Zu Weihnachten haben mir Freunde eine Ergänzung zum klassischen Monopoly-Spiel geschenkt. Mit neuen Ereignis- und Gemeinschaftskarten kommt damit neue Fahrt ins Spiel. Der Regelsetzer kann plötzlich eine Währungsreform verordnen und alles umlaufende Geld verliert seinen Wert. Dann muss erst wieder jeder peu à peu über „Los“ und neues frisches Geld erhalten und der ganze Wahnsinn beginnt von vorne.

Ich hätte auch schon eine eigene „Erweiterungsidee“: Freies Geld, das jeder Teilnehmer in Umlauf bringen kann.

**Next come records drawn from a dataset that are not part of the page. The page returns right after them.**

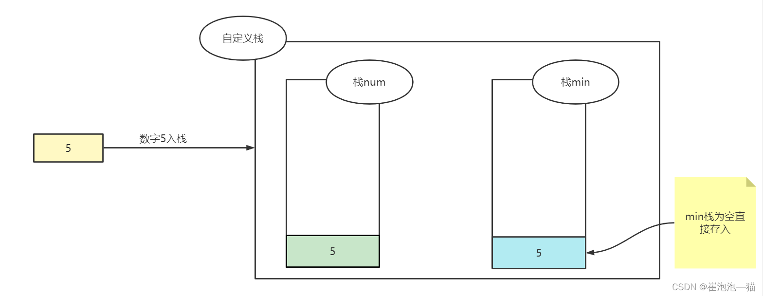 // 判断min栈当中有没有值,如果没有那么就直接写入,如果有那么要比对当前数据和min栈当中栈顶元素的大小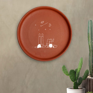 Terracotta Wall Plate - Night Sky Watching Illustration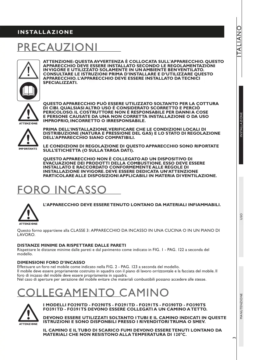 FO391TD - FO391TS DEVONO ESSERE COLLEGATI A UN CAMINO A TETTO.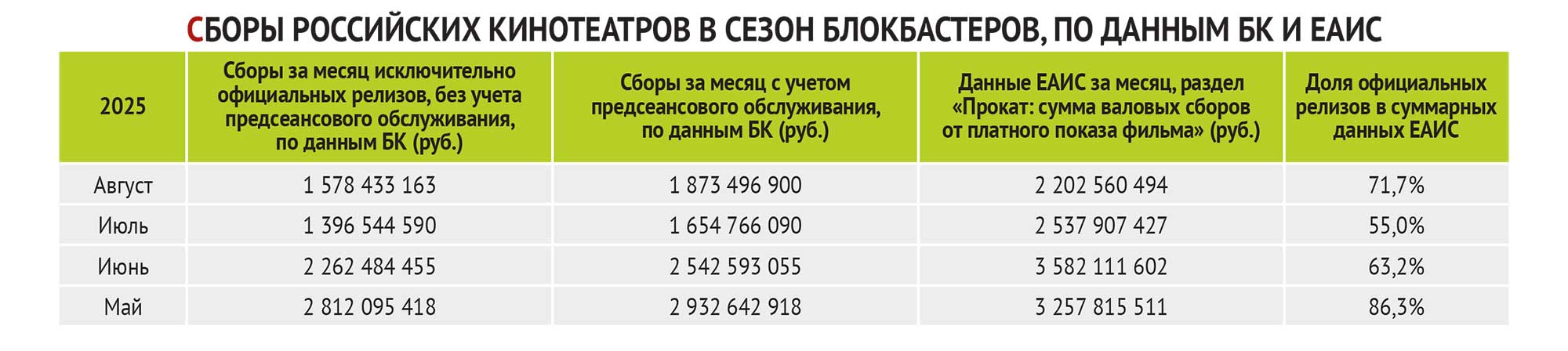 По этой таблице можно оценить разницу между тремя показателями: 1) сборами исключительно официальных проектов (данные БК, полученные от дистрибьюторов и из ЕАИС); 2) сборами официальных релизов в сумме со сборами короткометражных проектов, присутствующих в топе ЕАИС; 3) суммарными сборами от всех платных показов. Последняя цифра доступна исключительно на сайте ЕАИС в соответствующем разделе – и, как мы видим, она значительно выше оценки рынка, которую может предоставить БК.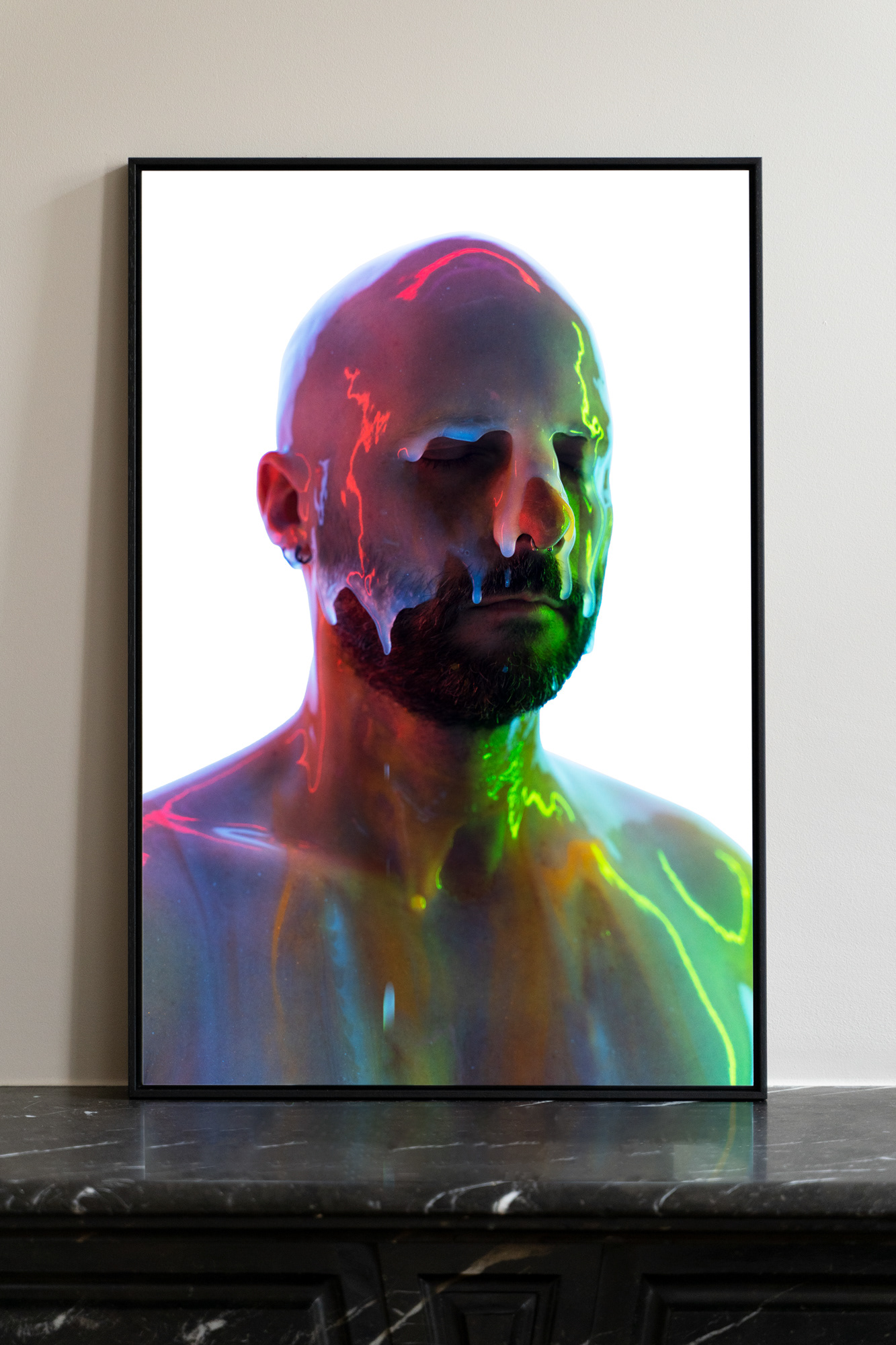 The artwork is presented in an elegant black American-style frame, offering a contemporary, gallery-quality presentation that gives the piece a strong visual and sculptural presence.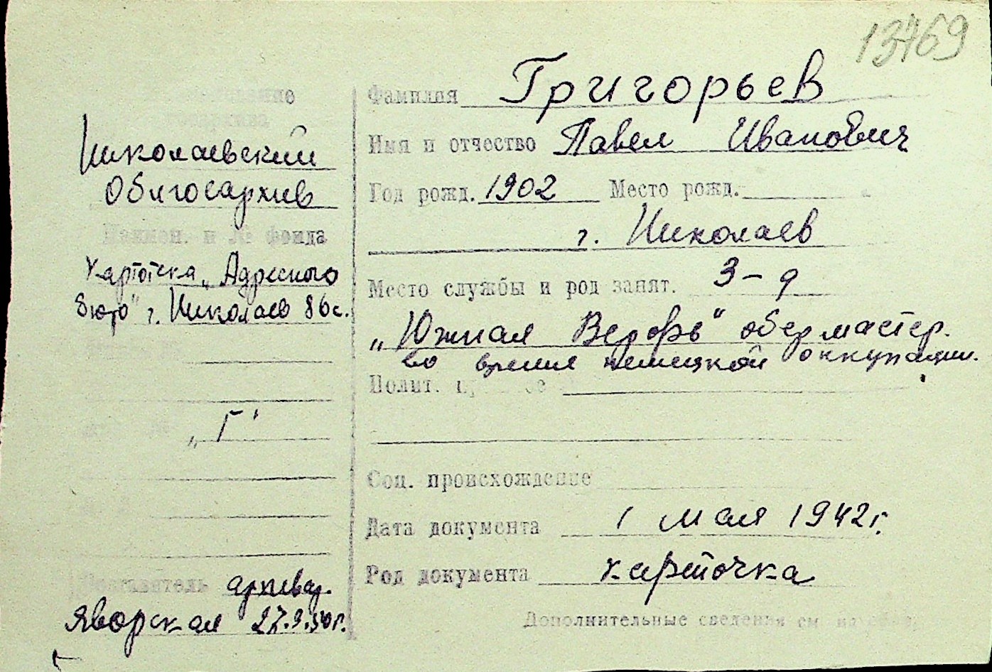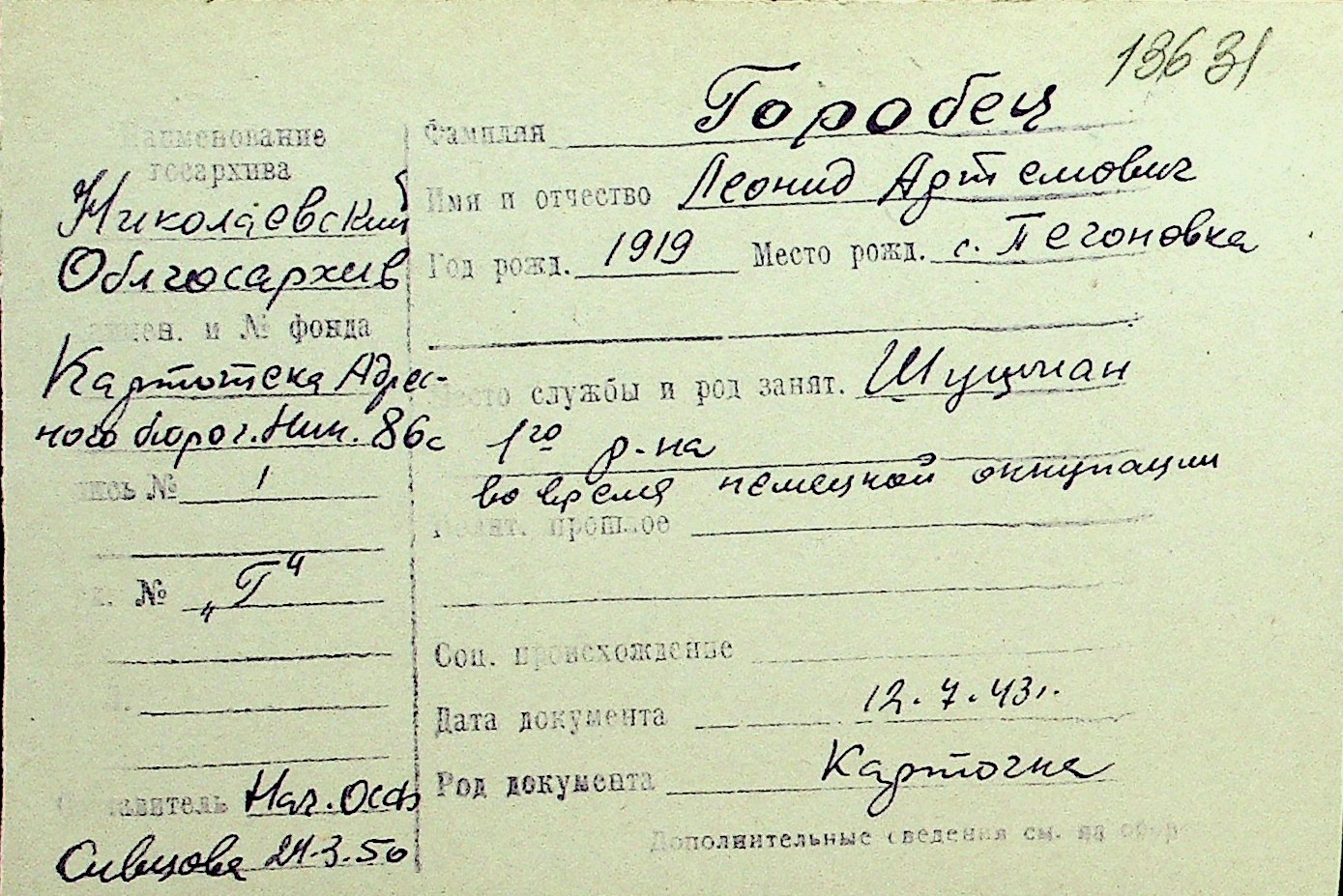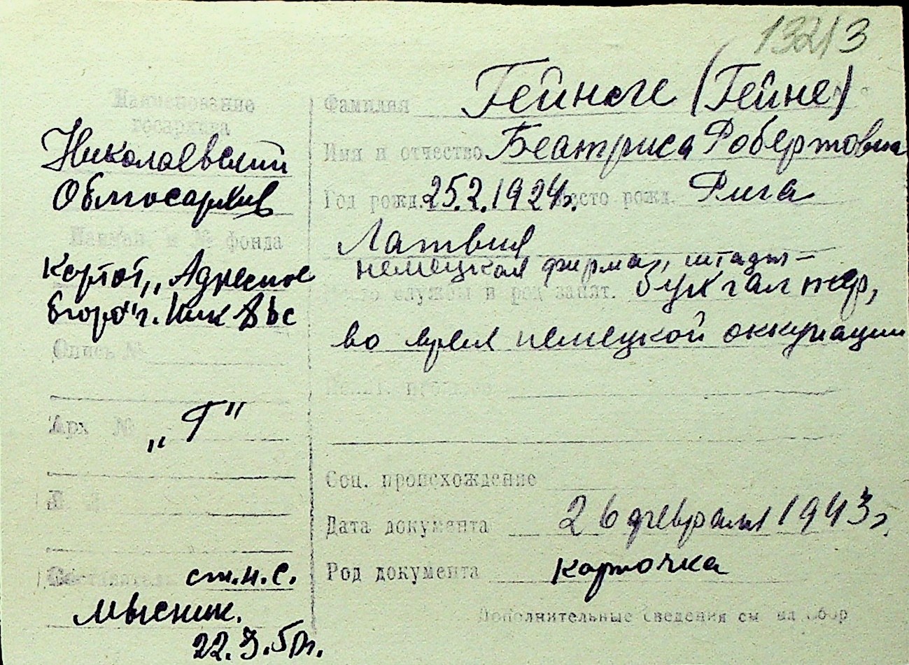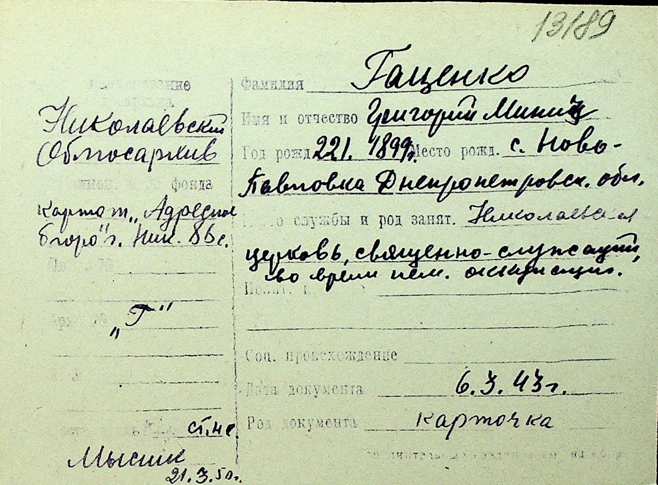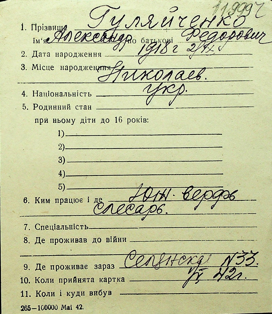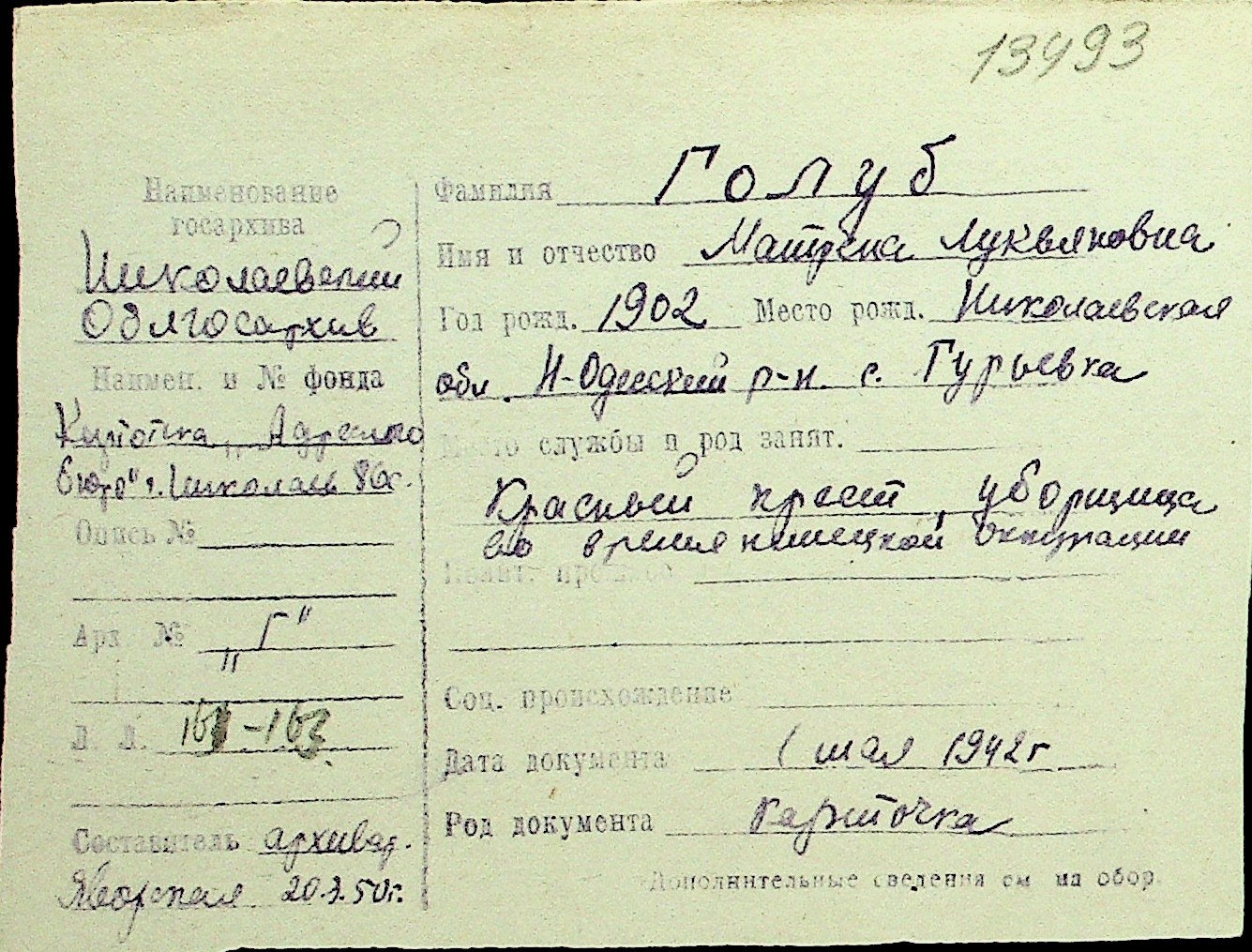• • Перелік карток до фонду № Н-1016

Die Solidität und das Vertrauen in das jeweilige freie Geld schafft eine dezentral verteilte Sicherheit, die kein staatlicher Geldmonopolist jemals dauerhaft gewährleisten kann. Na gut, das Spiel dauert jetzt länger, Straßen, Häuser und Hotels werden nicht so schnell gebaut. Es gibt auch nicht ständig neues Geld aus dem Nichts, wenn man über „Los“ kommt, aber eines ist gewiss: es wäre eine freie Marktwirtschaft.